Por ello, según el componente que domine, la política puede dividirse entre una política de la fe, usualmente la fe en el futuro, o una política del escepticismo, pesimista sobre las posibilidades de mejorar y reacia al cambio para evitar desmejoras, más bien conservadora (lo observó Oakeshott en un breve y luminoso texto). Mientras la política de la fe parte del potente principio de la esperanza, la política del escepticismo se crea a partir del temor o la precaución ante la posible pérdida de seguridades mínimas.
En todo proceso de cambio, sobre todo cuando se pretenden para él dimensiones revolucionarias, domina la política de la fe, teniendo su fuerza fundamental en la esperanza que tiene, a su vez, varias fuentes posibles. La primera de ellas es la utopía, que necesita de una elaboración ideológica minuciosa y una didáctica pública intensa. Fue el caso, por ejemplo, de las ideas socialistas durante el siglo XX, aunque también del neoliberalismo antes de volverse la ideología dominante. En los últimos tiempos, la política de la utopía la han enarbolado con relativo éxito en la izquierda estadunidense, particularmente las candidaturas de Bernie Sanders en las dos últimas elecciones presidenciales. Prevaleció, sin embargo, la segunda fuente de la esperanza, más certera siempre, que es la memoria.
Primero, triunfó la esperanza de los circuitos sociales abandonados tras el declive de la sociedad industrial, del mundo del trabajo formal asociado a una seguridad social suficiente y a trabajos que se volvían también, con los sindicatos mediante, el eje de la vida de las personas. Trump eligió avivar esa nostalgia por el Estados Unidos plenamente industrial y lo logró: esa es la grandeza (económica) que se proponía recuperar al menos en el discurso. En la última elección, por otra parte, triunfó la nostalgia de la normalidad neoliberal, los buenos modales, el orden institucional oligárquico desbordado por el populismo. Se trata de una nostalgia más política que económica. Esta última es la que intentan replicar los reaccionarios mexicanos en busca de su Biden, incapaces también de inventar futuros nuevos.
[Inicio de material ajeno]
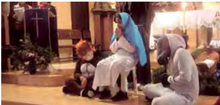
En la iglesia de los Capuchinos los ecuatorianos hicieron la novena al Divino Niño Jesús. Clave la participación del Consulado en la convocatoria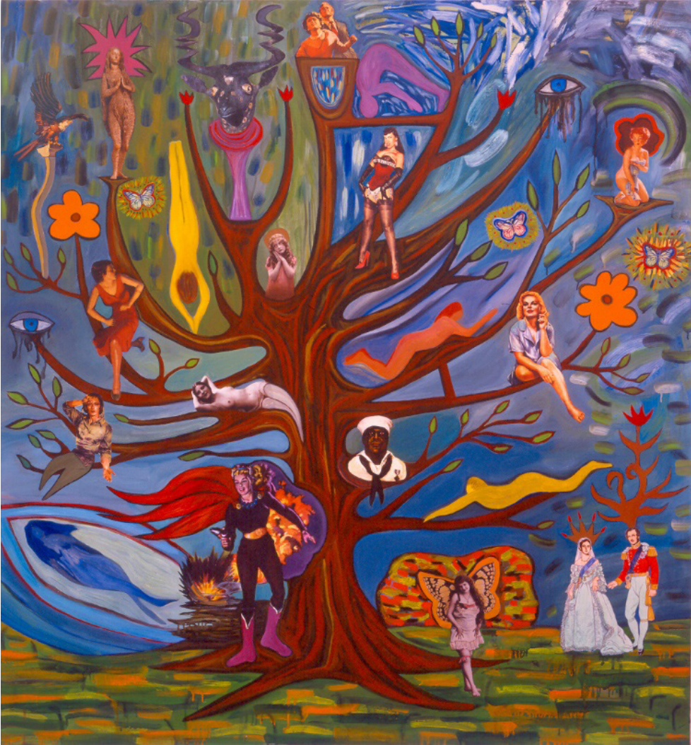
Susan Bee, Roots and Branches , 2004, 54" x 50", oil and collage on linen.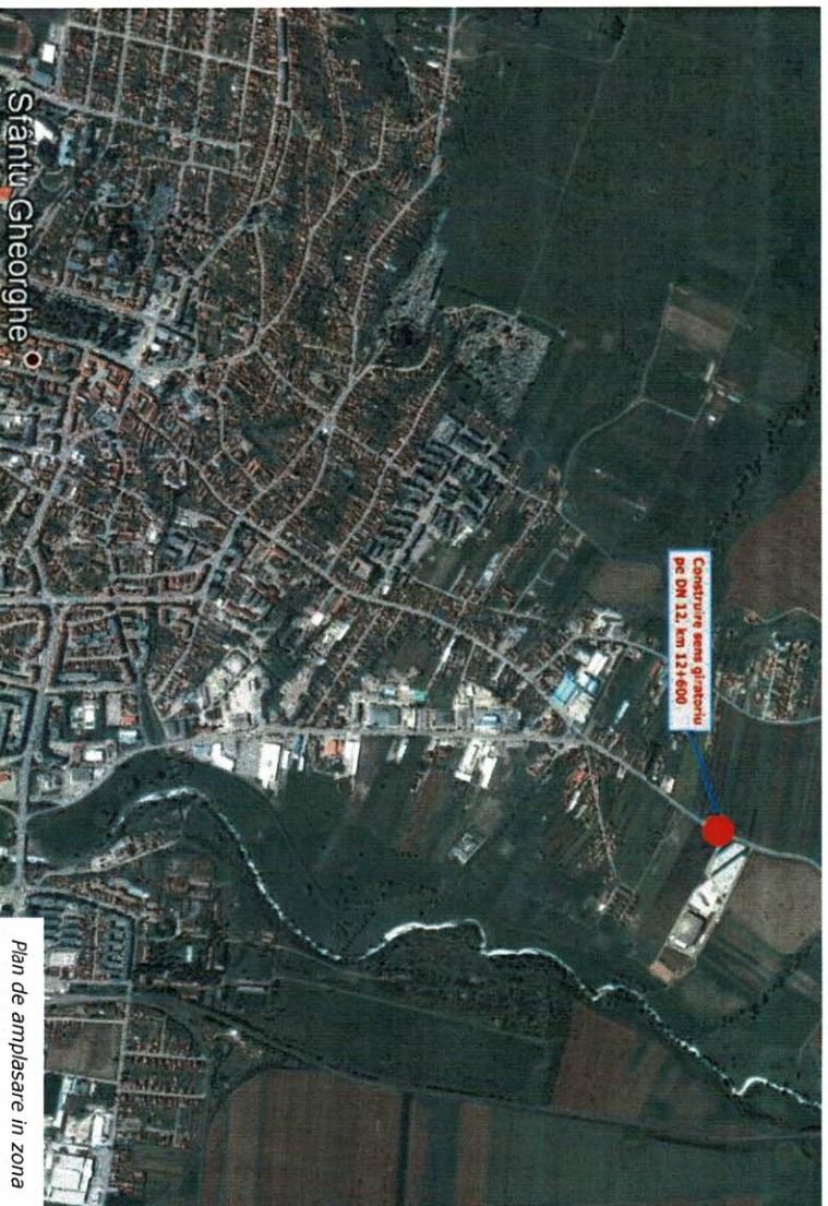
Plan de amplasare in zona

In cadrul acestei investitii se propune construirea unui sens giratoriu pe DN12, km 12+600 din localitatea Sfantu Gheorghe, judetul Covasna.

En Estados Unidos, como en México, hay un duelo de nostalgias que quieren prefigurar futuros: por un lado se añoran momentos más igualitarios —la sociedad industrial o el desarrollo estabilizador—; por otro, órdenes institucionales que aunque injustos fueron estables políticamente —en el caso mexicano, el régimen de la transición a la democracia—. En ambos casos hay pocos componentes utópicos, ideológicos, creativos, pues han ido madurando muy lentamente a partir de las crisis económicas de los últimos años. Sin ellos, seguirá la danza entre nostalgias y ambiciones vulgares, y los proyectos de nación y de reforma pasarán a segundo o tercer término.